Jackie Robinson is a legendary figure and his name is now synonymous with the desegregation and redefinition of professional sports. Yet, collective knowledge of the historical process that created the American icon has been reduced to an occasional "color commentary."" Jackie Robinson and Branch Rickey are forever linked in American history. Rickey understood the psyche of white America. While Branch Rickey's motives are still unclear, history has proven that his "great experiment- to integrate baseball, ultimately had less to do with baseball and more to do with challenging deep seated attitudes about race. The process had to be systematic, and Jackie Robinson not only had to have all the required physical and emotional assets, he had to be willing to make the necessary sacrifices. .
Jack Roosevelt Robinson was born the youngest of five children near Cairo, Georgia on January 31, 1919. Soon afterwards, his father left the family. His mother then moved the family to Pasadena, California to find work as a domestic.

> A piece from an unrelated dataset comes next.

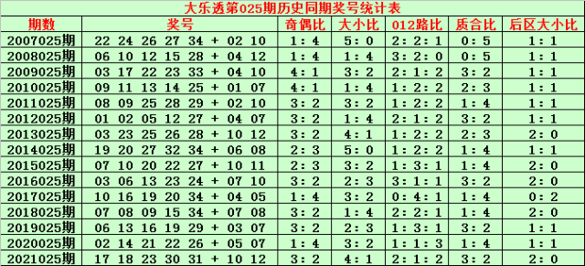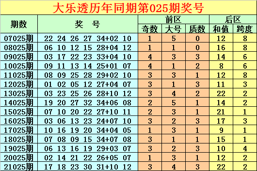 3、在历史同期第025期开奖中,前区号码大小总比例为41:34,大号表现相对较热,本期看好大号继续热出,关注大小比3:2出现;

Jackie Robinson excelled in four sports at Pasadena's John Muir Technical High: football, basketball, baseball and track. He went on to Pasadena Junior College, where he set a National Junior College record in the long jump of 25' 6 ½- before accepting an athletic scholarship to UCLA. There, he became the first Bruin athlete to earn varsity letters in four sports. Robinson left UCLA in the spring of 1941 hoping to work to support his mother. Several months later, Pearl Harbor was bombed, and Jackie Robinson enlisted in the U.S. Army. .
Jackie Robinson joined professional baseball in the spring of 1945 with the Kansas City Monarchs of the Negro American League. He spent his rookie season touring the country with the Monarchs for $400 a month. In August he met with Branch Rickey, owner of the Brooklyn Dodgers, who had been scouring the country to find the first black man in the major leagues.